Installing the battery was a breeze thanks to the ArkPak's easy to read screen and intuitive system. Then came the moment of truth, the thing I'd really been curious about; how easy was the ArkPak 730 to move with a battery inside? The quick answer, it’s not. On its own, the ArkPak weighs in at just under five kilograms. Once I’d added 35 kilograms of battery, wrapped my fingers around the inset handles and loaded it into the back of my Land Rover, I was forced to reconsider the meaning of ‘portable’.


I left it in the back of the car for a few days before setting off on a drive from Brisbane to Melbourne. The plan was to utilise the ArkPak for any task that would usually require my vehicle-based battery system. I arrived at camp after dark on the first night and ran a cable from the Anderson plug of the ArkPak to the Anderson that supplies power to my rooftop tent. I left the box where it sat in the back of the car — nice and easy. After a spot of reading, I plugged my Kindle and iPad into the USB outlets in the tent, switched off the light and was out.

In the morning, the display on the ArkPak assured me that my usage the previous evening was negligible. It is, however, easy to recharge the battery after a big trip using 240-volt mains power and the clever staged charger built into the box.

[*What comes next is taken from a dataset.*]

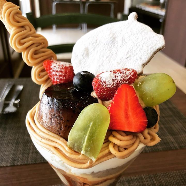 来週からのパフェです。バナナチョコレートを土台に栗のクリームとチョコレートプリン🍮🍫 季節のベリー類を中心にしたフルーツと日替わり3種類の自家製アイスクリームとシャーベット 豚さん🐖🐷のクッキーとシナモンシュガーをまぶしたパイ添えです。暑くなって来そうなのでフルーツたっぷりの季節のかき氷も出していく予定です。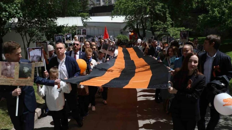 Rusya’nın Ankara Büyükelçiliği’nde 9 Mayıs Zafer Günü kutlamaları çerçevesinde düzenlenen ’Ölümsüz Alay’ yürüyüşünde 2. Dünya Savaşı’nda yer alan aile büyüklerinin fotoğraflarının bulunduğu dövizler taşındı ve marşlar söylendi.

You can plug into a solar panel while you’re set up at camp for extended periods or you can charge through your vehicle’s 12-volt accessory sockets or an Anderson plug as you drive.

Later that afternoon I arrived at my second camp with plenty of daylight to spare. I popped the ArkPak under the awning, took a few glamour shots, pulled out my laptop and flipped on the 300-watt inverter to provide juice to the 240-volt outlet and five-volt USB socket. As I unpacked my web of charging cables, it struck me as odd that there’s only one USB outlet on the ArkPak, since almost everything I use these days charges via USB — even my awning lights. But this is quickly remedied by popping an adaptor into one of the 12-volt sockets.

On this short trip, I didn’t come close to drawing significant quantities of power from the ArkPak, or having it run anything for extended periods of time. Ark claim that a 130 amp-hour battery will be able to power a 37-litre 12-volt fridge for seven days, which seems perfectly reasonable after my experience so far.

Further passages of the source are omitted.